BY David DacksPublished Jul 28, 2008

If one word describes the Kuti family, it’s swagger. Beyond his intense political conviction and powerful dance grooves, Fela Kuti’s onstage strut made him a star. Fela’s youngest son Seun Kuti has swagger; he’s got it onstage and he’s got it on disc. But like his half brother Femi, who hasn’t released a studio album in seven years, Seun Kuti faces the challenge of being himself while satisfying those who want to see the father in the son.

In conversation, as in his music, 26-year-old Seun comes across as young and brash. But, like his relatives, he is also wise. He acknowledges the "chip off the ol’ badass block” spin being put on him and his music. "It’s not like I’m doing this because my publicist in New York is telling me. Maybe it’s the perception of who is interviewing me at that time. To me — I’m a very normal guy,” he says with a laugh. "But everybody I meet says how crazy I am — maybe the world is crazy.”

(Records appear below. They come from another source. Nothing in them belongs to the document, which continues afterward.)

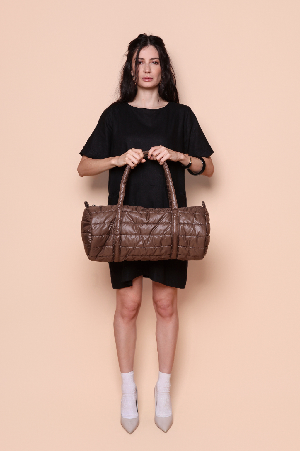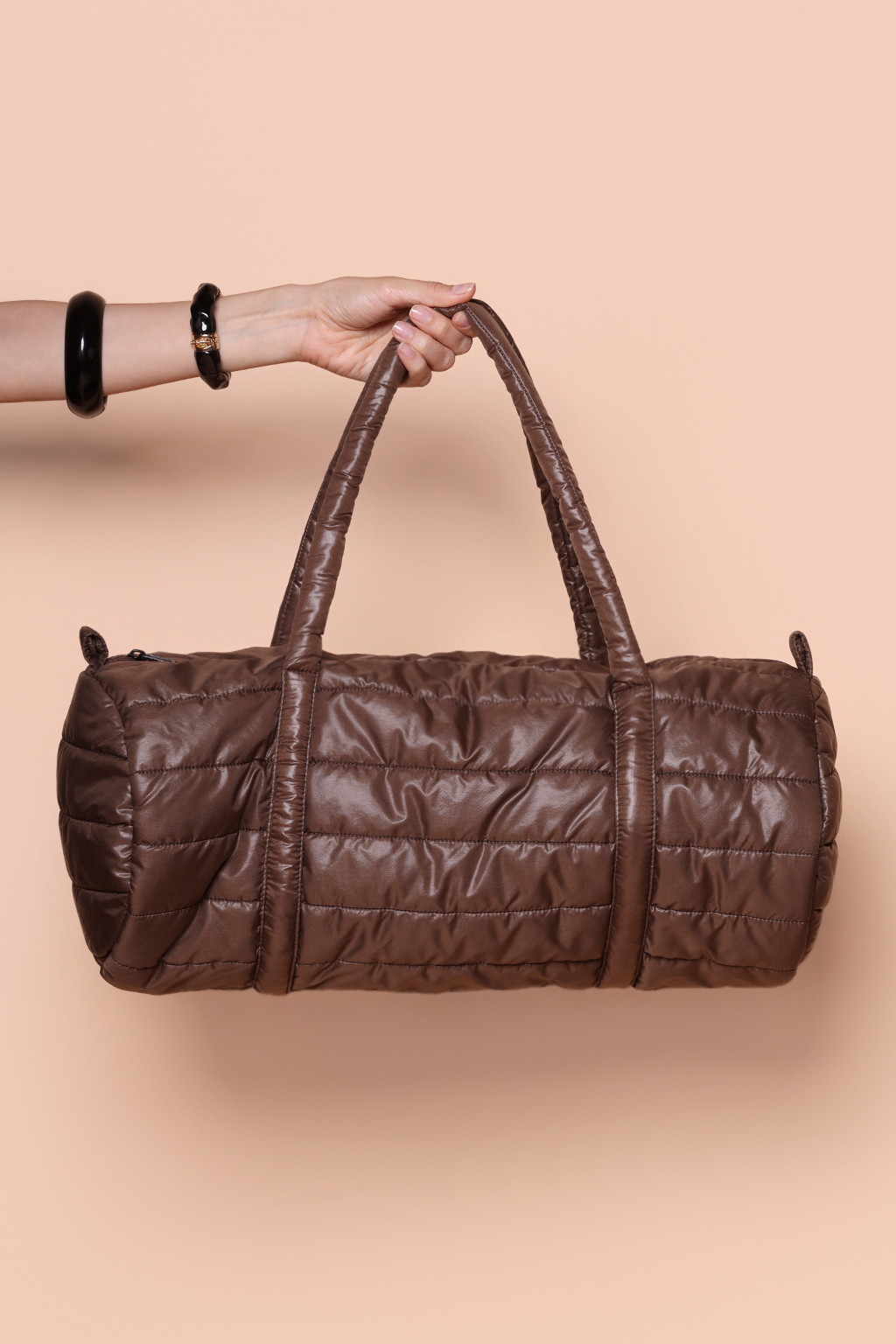 Bolsa puffer cilindro academia marrom.
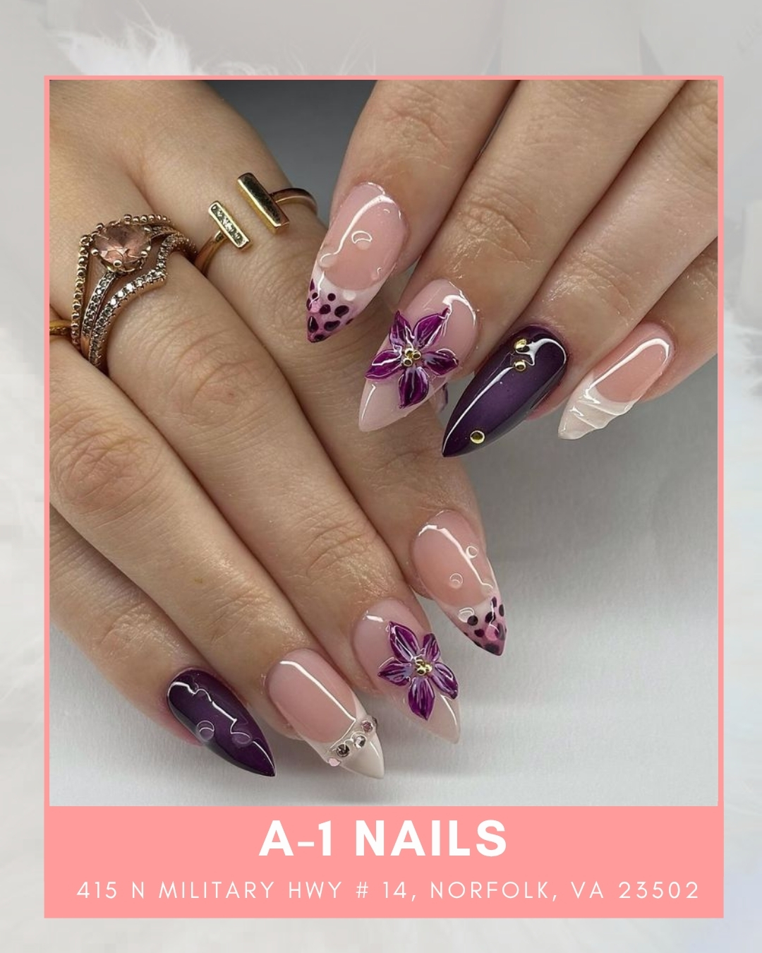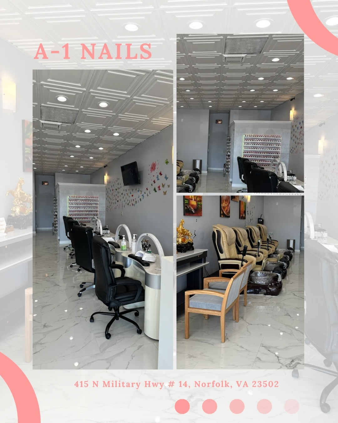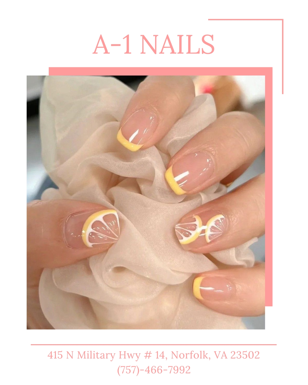 Welcome to A-1 Nails, Norfolk's premier destination for exceptional nail care services. Our experienced technicians provide a wide range of treatments, including manicures, pedicures, acrylic nails, and gel applications. We pride ourselves on maintaining the highest hygiene standards and offering affordable prices. Whether you're seeking intricate nail art designs or a relaxing spa pedicure package, A-1 Nails is committed to exceeding your expectations. Conveniently located in Norfolk, we welcome walk-in appointments and prioritize your satisfaction. Experience the best in nail care—book your appointment with A-1 Nails today!
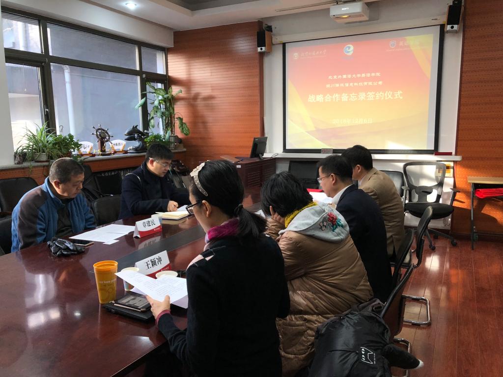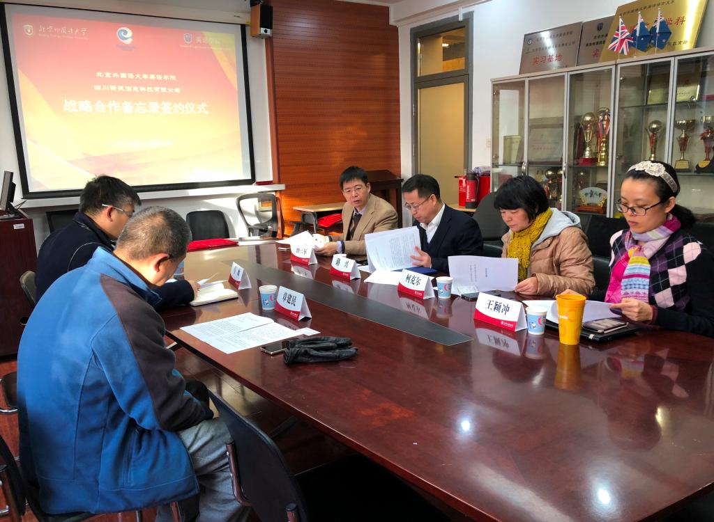 2018年12月6日,韦德bevictor与四川译讯信息科技有限公司校企战略合作备忘录签约仪式在韦德bevictor会议室举行。党总支书记路兴、MTI翻译中心主任孙三军、翻译系教师柯克尔、王颖冲,译讯科技CEO马帅、副总经理章建民参加。仪式由孙三军主持。

His debut disc, Many Things, carries on his father’s mission to enact social change through Afrobeat. Seun’s music is for Africans first and foremost, but he’s aware that a worldwide audience might tune out the specifics of his words. "Let me put it like this. I want the world to feel me, but I want my people to understand me,” he says. "When I say my people, I say Africans in general. Afrobeat is more than a genre, it’s a movement created for a purpose and that’s the emancipation of the black man who has to keep fighting through music. [It’s] not a movement motivated by money, [it’s] a movement motivated by music. So anybody that comes across my music is moved by my music, I’m satisfied.” Seun has achieved international success more quickly than his father or half brother, both of whom were fully-formed artists in their 30s by the time they achieved fame. Seun, on the other hand, is faced with developing his sound in front of large audiences. Despite having taken his father’s middle name "Anikulapo,” tattooing "Fela Lives” on his back, and consciously billing the band as "Fela’s Egypt 80,” Seun betrays no inner conflict about his own sensibilities. He says he wants Egypt 80 to keep playing to their strengths, except, "The only change I wanted to make was [to make them realize they were] no longer with my father, so musically I was starting all over again. That was a hard change for them, adapting to life without my father, but apart from that I wanted everything to stay the same because we believe in that music.”

The younger Kuti’s music throbs with up-tempo polyrhythms but tends toward more basic, staccato horn parts and an angry bulldog approach to vocalizing. It’s a style best experienced in concert. Like any other independent artist, he knows live performances are vital to his success, far outstripping potential record sales.

"[Success for] some artists [is measured] by winning international awards; some artists, by personal wealth; for others, it’s record sales; some it’s by how good their live performances really are. So I guess I fall in the category of live shows. I see myself as successful if I’m on tour nine months of the year.”

There’s more than meets the eye to that statement. Seun wants to connect with audiences throughout the year, not to be pigeonholed as a festival season artist. If Seun Kuti can tour North American arenas during the winter, he will have achieved with his debut album something considered nearly impossible for African stars of previous generations. Such swagger would make his father proud.